Fig. 2. Atmospheric particle deposition velocities (cm s⁻¹) predicted by the four algorithms compared with measurements as a function of particle diameter (µm) for a deciduous broadleaf forest. Error bars represent an estimate of uncertainty either as presented by the respective authors or as derived from the published data. (u* = 40 cm s⁻¹ for all algorithms.).

Fig. 3. Atmospheric particle deposition velocities (cm s⁻¹) predicted by the four algorithms compared with measurements as a function of particle diameter (µm) for a evergreen needleleaf forest. Error bars represent an estimate of uncertainty either as presented by the respective authors or as derived from the published data. (u* = 40 cm s⁻¹ for all algorithms.).

Fig. 4. Atmospheric particle deposition velocities (cm s⁻¹) predicted by the four algorithms compared with measurements as a function of particle diameter (µm) for a grass covered surface. Error bars represent an estimate of uncertainty either as presented by the respective authors or as derived from the published data. (u* = 40 cm s⁻¹ for all algorithms.).

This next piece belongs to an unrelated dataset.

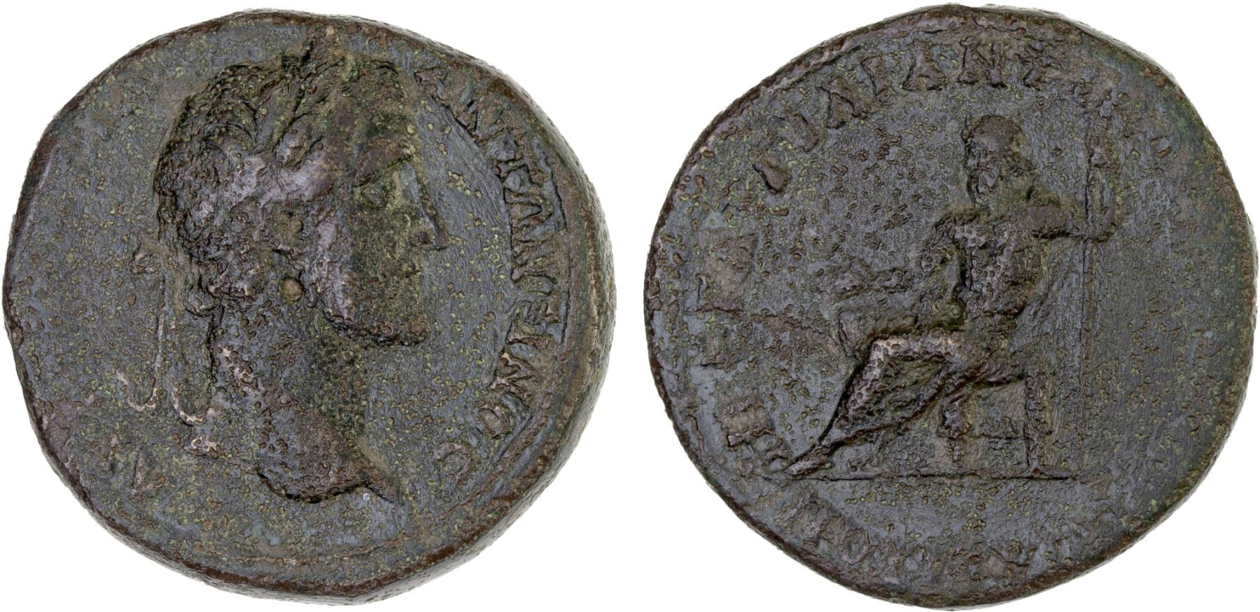 ROMAN PROVINCIAL, THRACE: Pautalia, Antoninus Pius, 138-161, AE30 (20.98g), Tachev--, Varbanov--, Ruzicka--, citing Lucius Pullaienus Gargilius Antiquus as legatus Augusti pro praetore Thraciae (160-161), laureate head right // Zeus seated left, holding thunderbolt and scepter, unpublished type for this ruler, some porosity, accompanied by collector's envelope, VF, ex Thomas R. Miller Collection.

Fig. 5. Atmospheric particle deposition velocities (cm s⁻¹) predicted by the four algorithms compared with measurements as a function of particle diameter (µm) for a water surface. Error bars represent an estimate of uncertainty either as presented by the respective authors or as derived from the published data. (u* = 20 cm s⁻¹ for all algorithms.).

Fig. 6. Atmospheric particle deposition velocities (cm s⁻¹) predicted by the four algorithms compared with measurements as a function of particle diameter (µm) for a snow or ice covered surface. Error bars represent an estimate of uncertainty either as presented by the respective authors or as derived from the published data. (u* = 20 cm s⁻¹ for all algorithms.).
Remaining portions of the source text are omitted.